Deported mom blasts Jamaican gov’t

Pam (left), a 55-year-old deportee from the United Kingom, hugs an unnamed friend after leaving the Harman Barracks detention centre on Wednesday, February 6. She was the sole woman among a group of 29 deportees.
Pam (left), a 55-year-old deportee from the United Kingom, hugs an unnamed friend after leaving the Harman Barracks detention centre on Wednesday, February 6. She was the sole woman among a group of 29 deportees.

(Jamaica Gleaner) Fifty-five-year-old Pam (last name withheld), the lone female among 29 deported migrants who were processed at Harman Barracks after being sent from the United Kingston on a charter flight to Kingston yesterday, has castigated the Jamaican Government for failing to protect the rights of emigrants.

“The Jamaican authorities don’t really care about us when we are in another country like Britain. They don’t fight for our rights. They feel once we are tagged as criminals, rightfully so in some cases, we must be treated like dogs. We are human beings and Jamaican first,” she said.

Speaking to The Gleaner after walking through the gates to embrace a long-time family friend, who waited more than four hours to see her, she said that having lived in England for 25 years, and being a single mother of five grown children, she had to resort to doing whatever she could to care for her family.

“Even if you committed a minor crime, and you’ve been there like the whole of your adult life, they show you no mercy. You are just taken away like a piece of meat, and our Government here sides with them. Was there a payment for us, or what?” asked Pam.

She said that the murder of one of her sons placed her on the British Home Office radar and that attempts at becoming regularised were turned down.

“I left my kids and grandkids at home. They just came in and took me out the house with the kids there looking on. They are left traumatised because of this madness. I don’t know what will come of them now,” she said.
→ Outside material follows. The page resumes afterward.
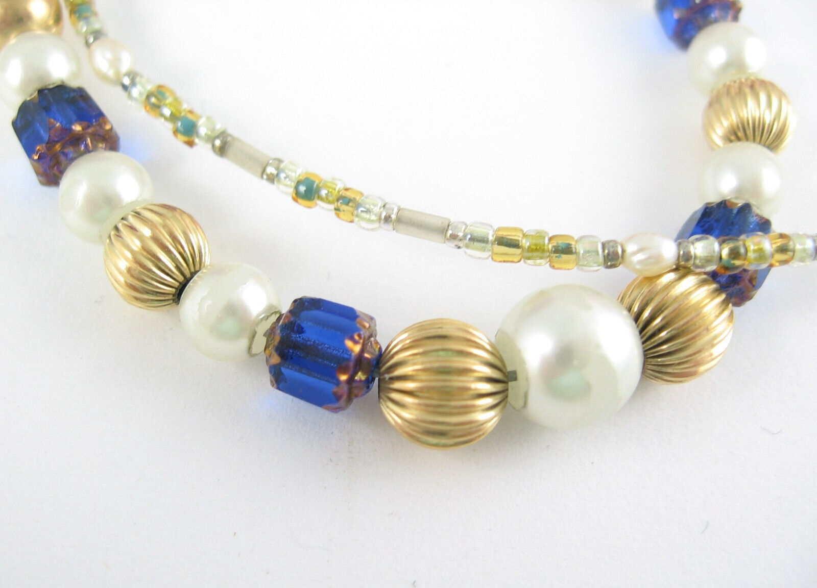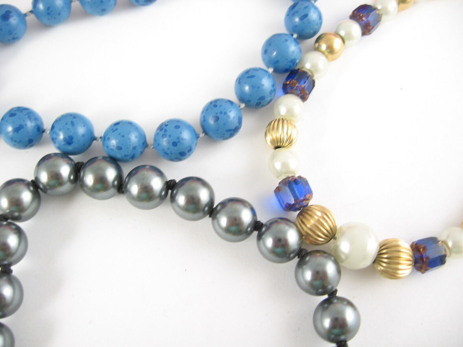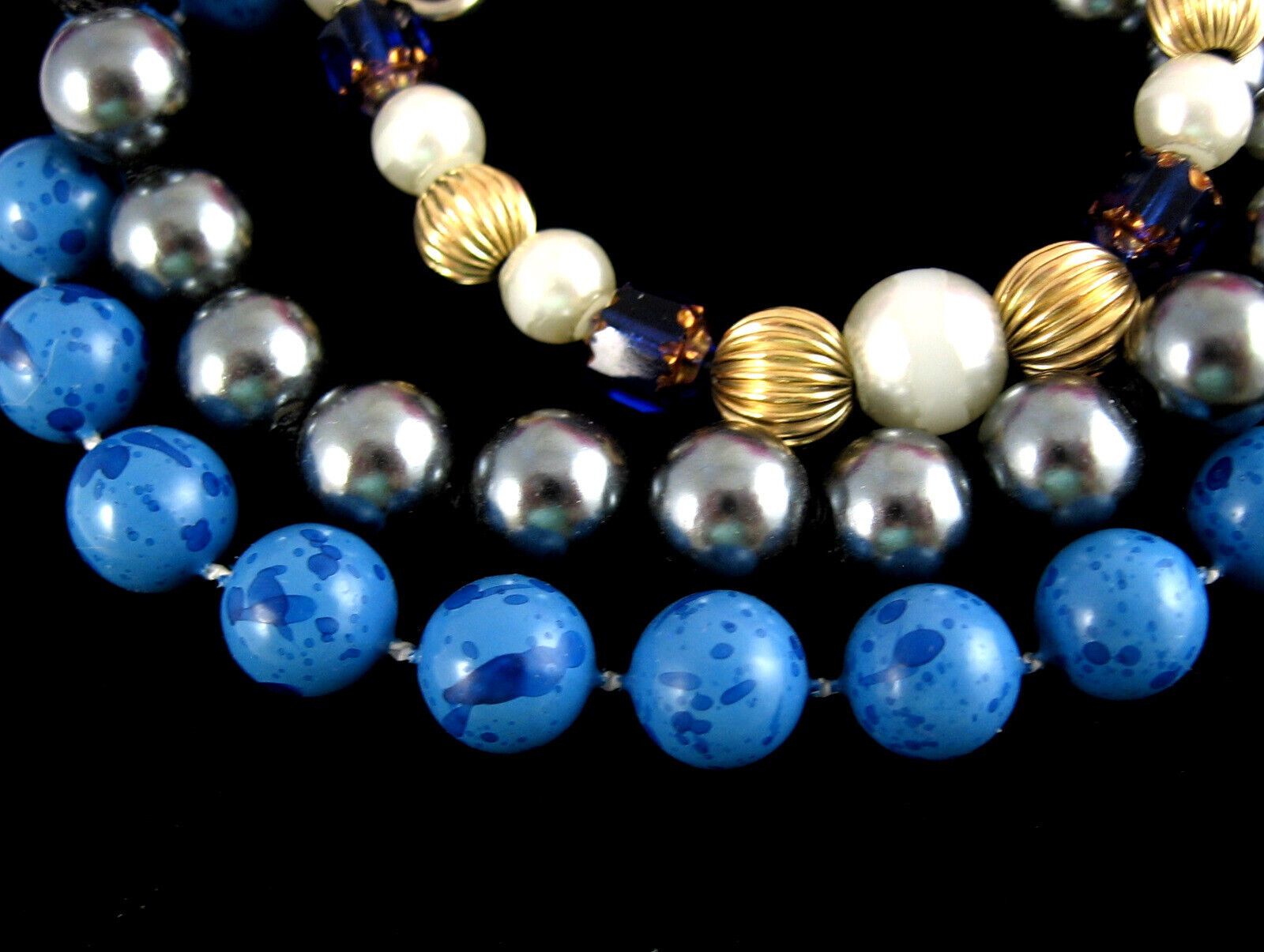 6 Vintage BEADED BRACELETS Clasps Glass Plastic Blue Cobalt Greens Gray Beads

Pam, who declined to disclose the offence for which she was prosecuted, explained that she was taken to a detention centre at 1 a.m. on Wednesday at a remote location before being transferred to a hangar where they boarded a plane for Jamaica.

“My application to stay has not been touched. I was refused, but it is still in the Home Office. I really don’t know how the children will manage there without me,” she lamented.

The Titan Airways charter flight with the 29 confirmed “serious foreign criminals” on board touched down at Norman Manley International Airport in Kingston, after which they were taken under police guard to the processing centre at Harman Barracks.

The criminal convictions of those deported include:

  • 4 convicted of a sex offence, including rape
  • 6 convicted of violent crime, including grievous bodily harm
  • 1 convicted of murder
  • 1 convicted of attempted murder.
  • 14 convicted of drug offences, including supplying Class A drugs.
  • 1 convicted of robbery
  • 3 convicted of firearm and weapons offences
  • 1 convicted of dangerous driving

None of the 29 were from the Windrush Generation, those Caribbean nationals who emigrated to the UK from the 1940s to 1970s.

Seven, including a Birmingham father of five, gained a last-minute reprieve, according to British news agencies.

Oswald Dawkins, president of the National Organisation of Deported Migrants, said that his organisation continues to offer support.

“We offer those who have nowhere to go a little stipend when we can, and, of course, a place to put their heads. But it’s a very tough thing coming here without family support,” Dawkins said.